# Clear betta poop???????



## sushiisaboss75 (May 19, 2013)

ok so, sushi was constipated for a while. fasting wasnt working and i couldnt put my hands on anything but a pea. so i fed him some and a few days later, he had a bowel movement. i usually scoop them out and observe them to make sure they are healthy.  call me crazy but i really do. so heres his poop, sitting in a cup, and i realize that, the inside of it is brown but the rest of it is clear. it is the normal size, and shape of a normal betta dropping. just that its clear. could this be the pea? or idk, a worm? hes acting perfectly normal so idk what it is.... PLEASE HELP!!!!!!!!!!!!!


----------



## lilnaugrim (Mar 27, 2013)

Well there's no picture so I'm willing to bet it was just part of the pea.

Internal parasites are usually white, not clear. If you can get New Life Spectrum or Omega One pellets he'll be much happier and healthier, they have more nutrition for your guy so he won't be constipated all the time. I'd like to see a picture of when he's bloated though


----------



## sushiisaboss75 (May 19, 2013)

i do feed him omega 1. he used 2 eat crappy walmart brand stuff. he's still recovering from that. hes also prone to getting constipation. hes still a happy healthy betta. thanks for the help. i only feed him peas if i really have to. hes bloated right now, but not as bloated


----------



## LebronTheBetta (Apr 23, 2012)

+1 to lilnaugrim ^^

And just to add-Peas are very rough on their digestive tracts. Bettas are insectivores which means their body was made for meat. Their tract isn't used to fiber which in rare cases might start to rip them. 0-0 Frozen daphnia is a much more natural laxative. (yummy, too. lol)


----------



## sushiisaboss75 (May 19, 2013)

ya, i know. i just... im only 12 yrs young and my dad cant afford all this stuff for the fish. i c him as a living creature, my dad sees him as a thing that has a brain the size of a pebble.


----------



## LebronTheBetta (Apr 23, 2012)

Yes, I understand. I'm 12 too and my mom thinks I'm wasting my money. haha Just try to make him understand, he will soon.


----------



## lilnaugrim (Mar 27, 2013)

I'm glad you did get him the Omega one, I couldn't remember if you did or not.  I know parents see it as a waste of money but you can make the most of it with what you have for now and show them how well you can keep them and how happy you can make them just by caring. They'll eventually see how much you love them and how well you care  parent's are anything but blind to their children ^_^

Just keep an eye out for your boy and see if he goes back to regular poo. Also something easy that you can do is fill a bucket with conditioned water and set it outside for mosquito's to lay their larvae. You can collect the larvae with a small net if you can find one, give them a bit of a rinse in more conditioned water and you can feed them to your Betta! This is super great quality food and also helps with their digestive tract! Just dump the water every few days so that you don't get tons of mosquito's flying everywhere!


----------



## LittleBlueFishlets (Nov 10, 2012)

You're not the only one who examines betta poop on a daily basis! 
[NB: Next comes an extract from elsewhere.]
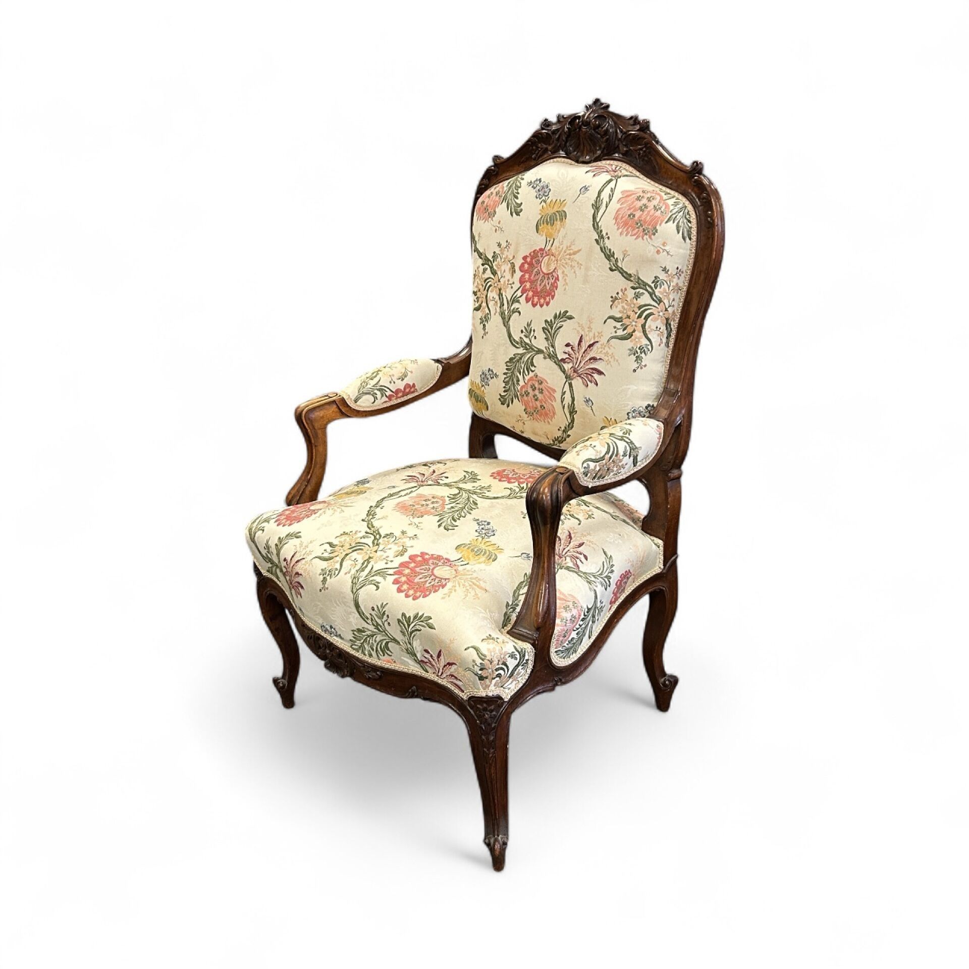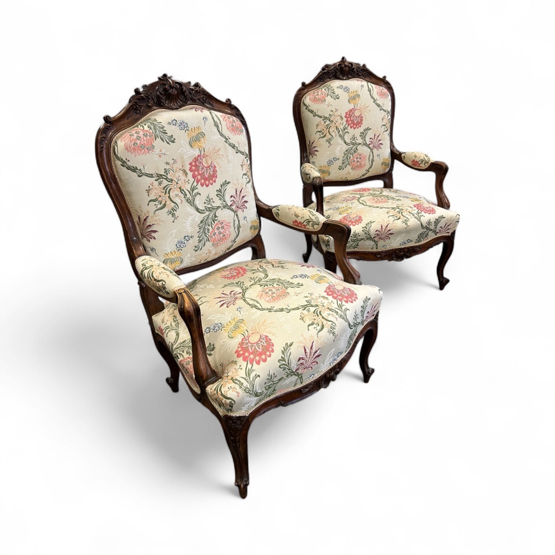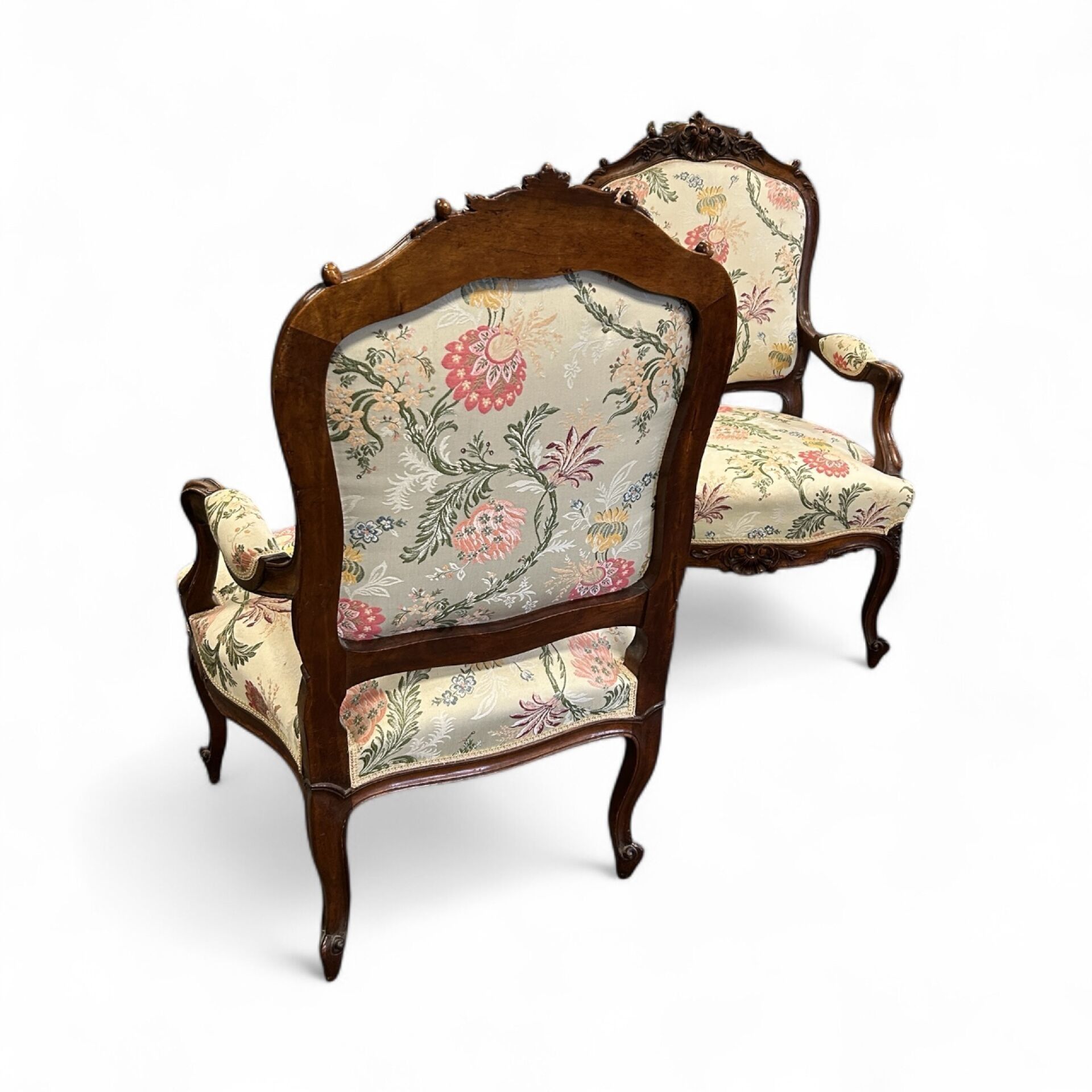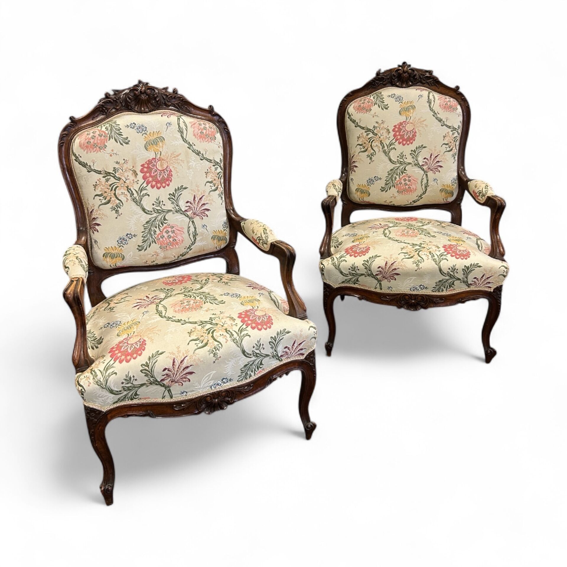 Pair of moulded and carved walnut armchairs decorated with shells, whiplash armrests, curved legs, floral fabric upholstery, Louis XV style, Work circa 1900. H. 107 cm L. 69.5 cm

I would just continue to monitor it. Hopefully, the strange color was just a one time thing. If it happens again (when you don't feed a pea), let us know. 

He should be better with the Omega One. (I have a betta who gets constipated a lot. He's been much better since I started feeding him Omega One pellets.) 

If he gets constipated again, ask your parents if they have any Epsom salt in the house. If they don't, you can pick it up at Walmart, a pharmacy (like CVS or Walgreens), or a supermarket. It should cost about $1.50. Make sure it contains just magnesium sulfate. (There should be no dyes, perfumes or additives.)

When he gets constipated, you can use about 0.25 teaspoons Epsom salt per gallon of water. Take a small amount of water from his tank, dissolve the Epsom salt in it, and pour it slowly into his tank.

Epsom salt has a laxative effect. It may take a day or two to work, though. 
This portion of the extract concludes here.